What does a database for agents look like if every mutation is a named action with a contract, instead of an UPDATE statement?
Most production-bound agent stacks I look at end up sitting on top of a normal CRUD database. The agent picks a table, picks a row, picks a column, sets a value. The audit log says "agent set status = completed" and you have to reconstruct intent from context. The agent can in principle do anything its connection permits — and "in principle" usually becomes "in practice" the first weekend you stop watching.

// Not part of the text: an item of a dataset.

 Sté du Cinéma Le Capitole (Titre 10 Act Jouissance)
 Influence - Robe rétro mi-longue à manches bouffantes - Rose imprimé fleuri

The bet I'm prototyping is to invert the surface: the agent never sees tables. It sees actions.
What's wrong with the default surface
- Vector memory is too unstructured. Great for recall, useless for the operational mutations agents actually need to make.
- Raw CRUD is too open. Every column is a foot-gun. The agent's effective permissions are its connection's permissions.
- Workflow engines are too rigid. They assume code-first authoring by engineers. Domain experts can't author or revise the contract.
- Audit logs lose intent. "set status = X" doesn't tell you why. Agents call low-level operations, not domain actions, so the trace is noise.
The shape I'm trying
Two modes, deliberately separated:
- Builder mode (humans, design time). A non-engineer-friendly surface for defining records, fields, actions, and the state machines that gate them. "When a post is in
draft, an agent may callrequestApproval. Fromapproved, onlymarkPublishedis callable." - Runtime mode (agents, locked down). A different MCP surface that exposes the published actions and nothing else. Agents call
markCompleted(postId)— they cannot writeUPDATE posts SET status='completed'. The platform enforces the transition; the agent doesn't get to be wrong about it.
The audit log becomes readable. The set of legal mutations is finite, named, and typed. Governance moves from "watch the agent" to "publish the contract."
Where it is
Working prototype. Core MVP shipped: typed schemas, action runtime, state-machine guardrails, auth, single-process container. Running internally, getting tested against real domain models.
What I'm still thinking about
- Reads vs. queries. Today the design favors open reads with summary projections and locked writes through actions. Where does that stop being enough — at what record volume or query complexity does the platform need real query primitives without becoming a query engine?
- Governance throughput. "Humans review and publish" is the right answer at small scale. At larger scale, with frequent schema changes across many agents, where does that bottleneck and what replaces it?
- The bridge problem. Eventually agents need to push to CRMs, fire Slack messages, sync to external systems. The current non-goal is "no webhooks, no event streaming." What's the smallest external surface that doesn't turn this into another ETL platform?
This one feels closer than the fleet idea — the contract is sharper, the value is easier to show in a demo. Still figuring out who the first hundred users actually are.